Is there a support for number range check

Hi Team,

I was wondering if we have support for number range check with syntactic sugar as an alternative to below code.

val foo: Option[Long]
foo.exists(ele => ele <= min && ele <= max )

I was looking for something like

foo.exists(inInclusiveRange(min,max))

Wanted to check if we already have any similar functionality in recent versions ?

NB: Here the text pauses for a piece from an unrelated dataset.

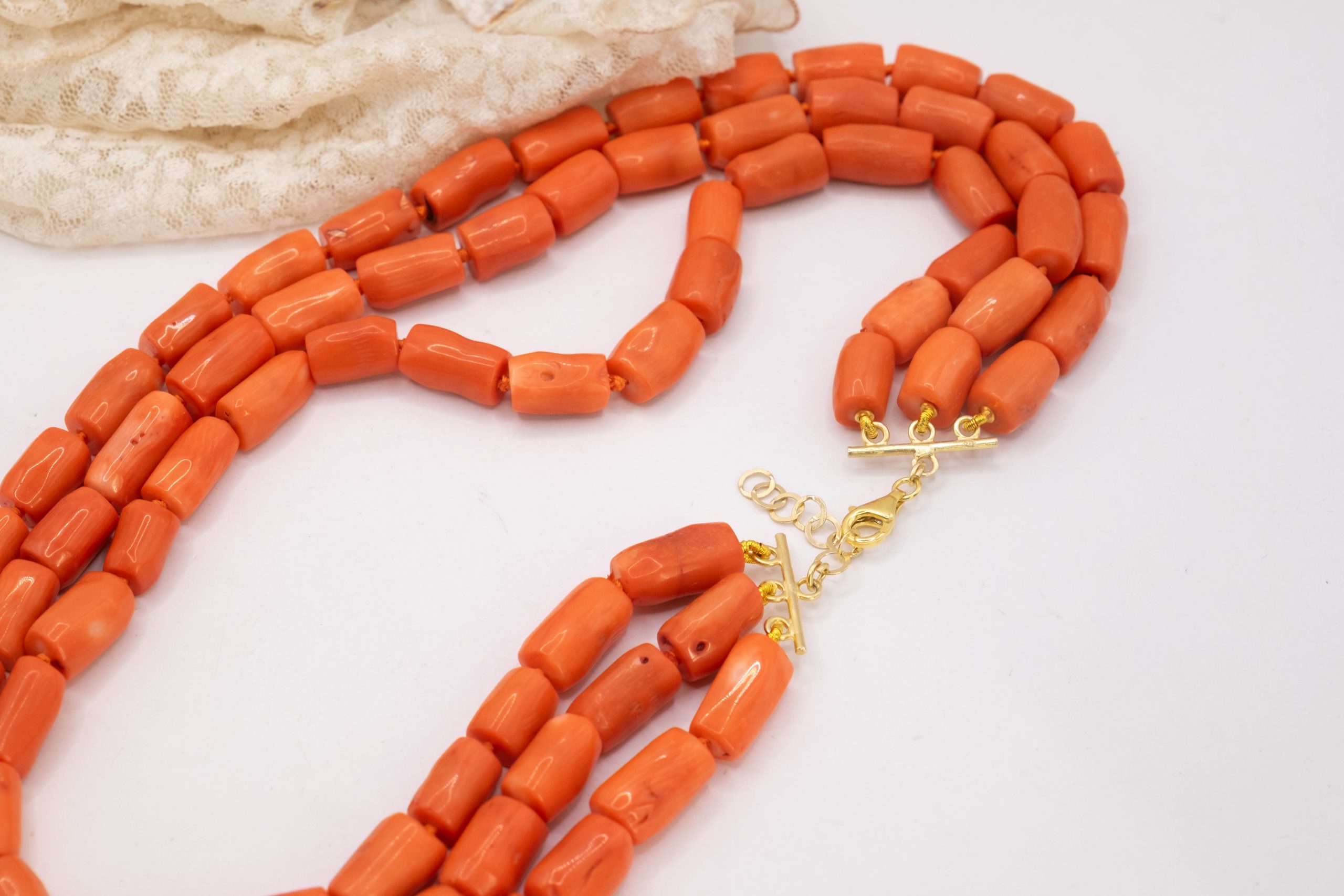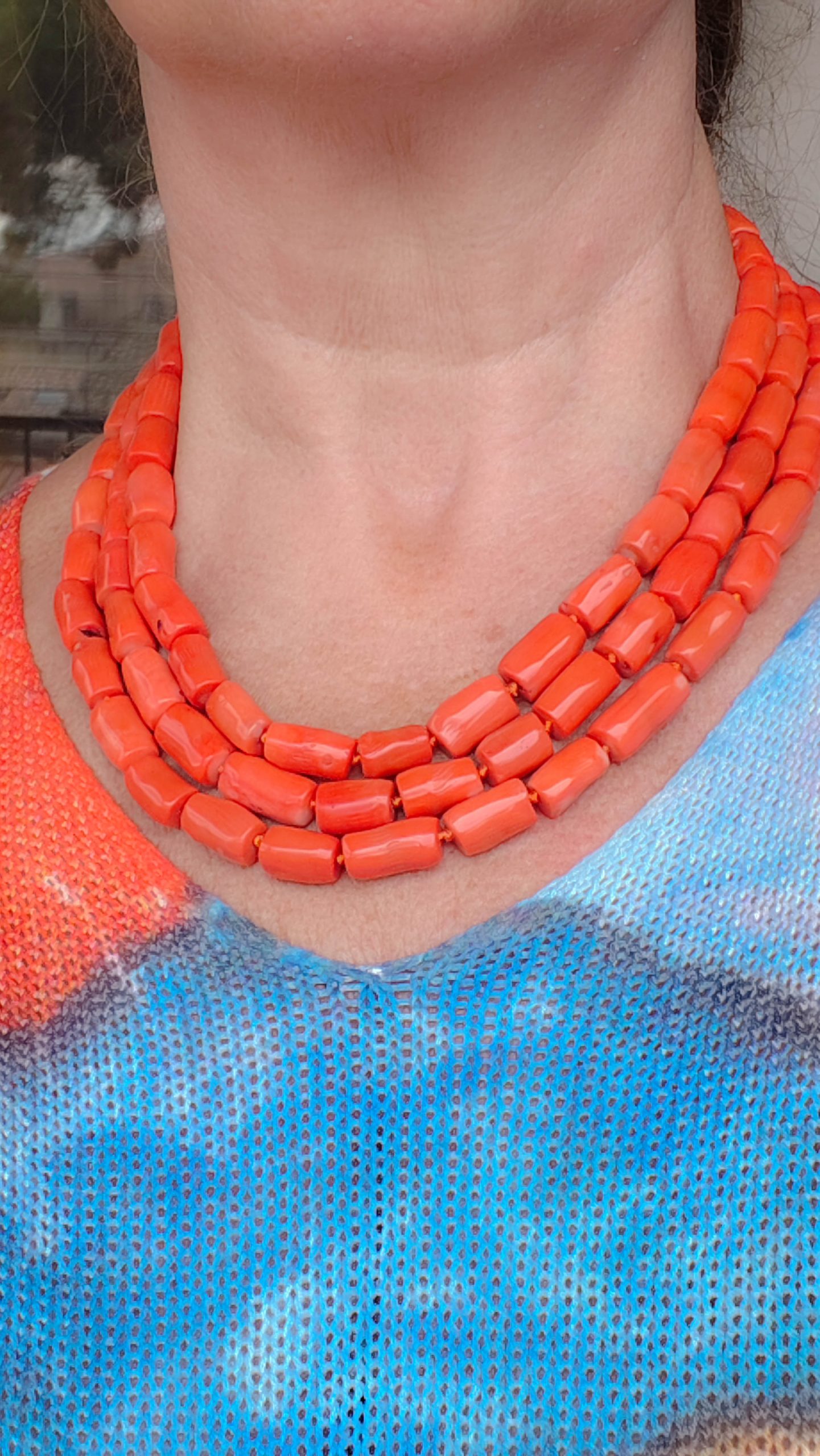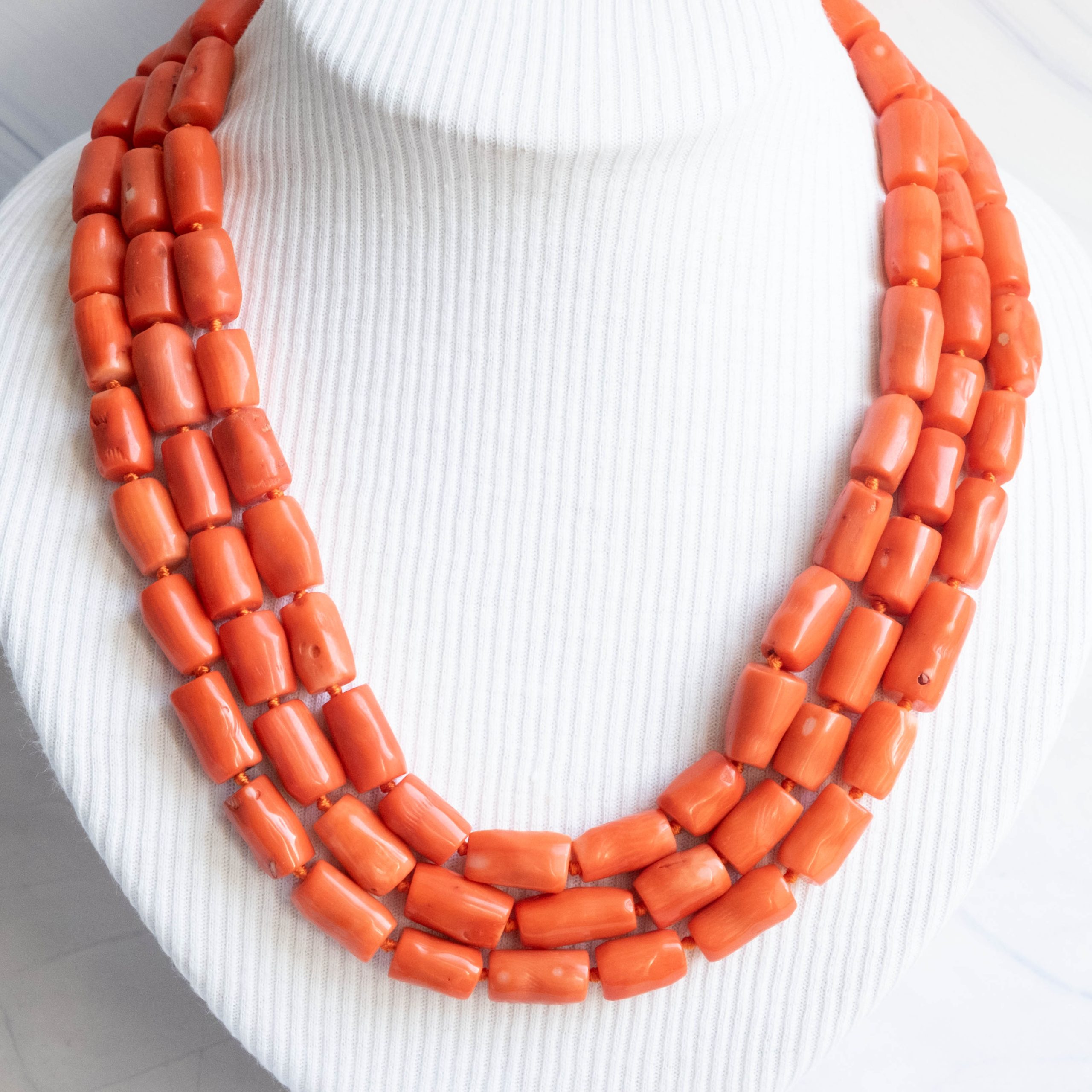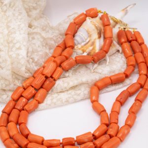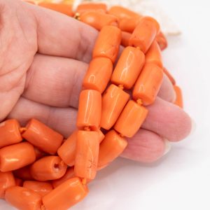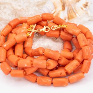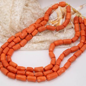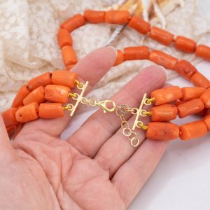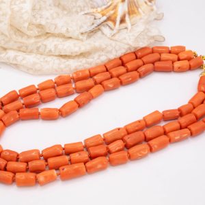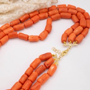 Strepitosa collana a 3 fili in corallo bamboo aranciato a barilotti da 15/17 x 10 mm

Yeah, you can use Range.contains: Range

Like this:

foo.exists((min to max).contains)

See the code running here: Scastie - An interactive playground for Scala.

The problem with using range is that it’s step valued, and hence for large interval throws exception.

val range: NumericRange.Inclusive[Long] = 0L to 123456789011L
val foo: Option[Long] = Some(123456789010L)
val bar = foo.exists(range.contains[Long])

java.lang.IllegalArgumentException: More than Int.MaxValue elements.

I see there’s a check in NumericRange which prohibits large intervals.

def check(t: T): T =
        if (num.gt(t, limit)) throw new IllegalArgumentException("More than Int.MaxValue elements.")
        else t

Then you would need to make your own Range like class or helper method.
Which is probably way more work than the if, unless you repeat this a lot with different bounds.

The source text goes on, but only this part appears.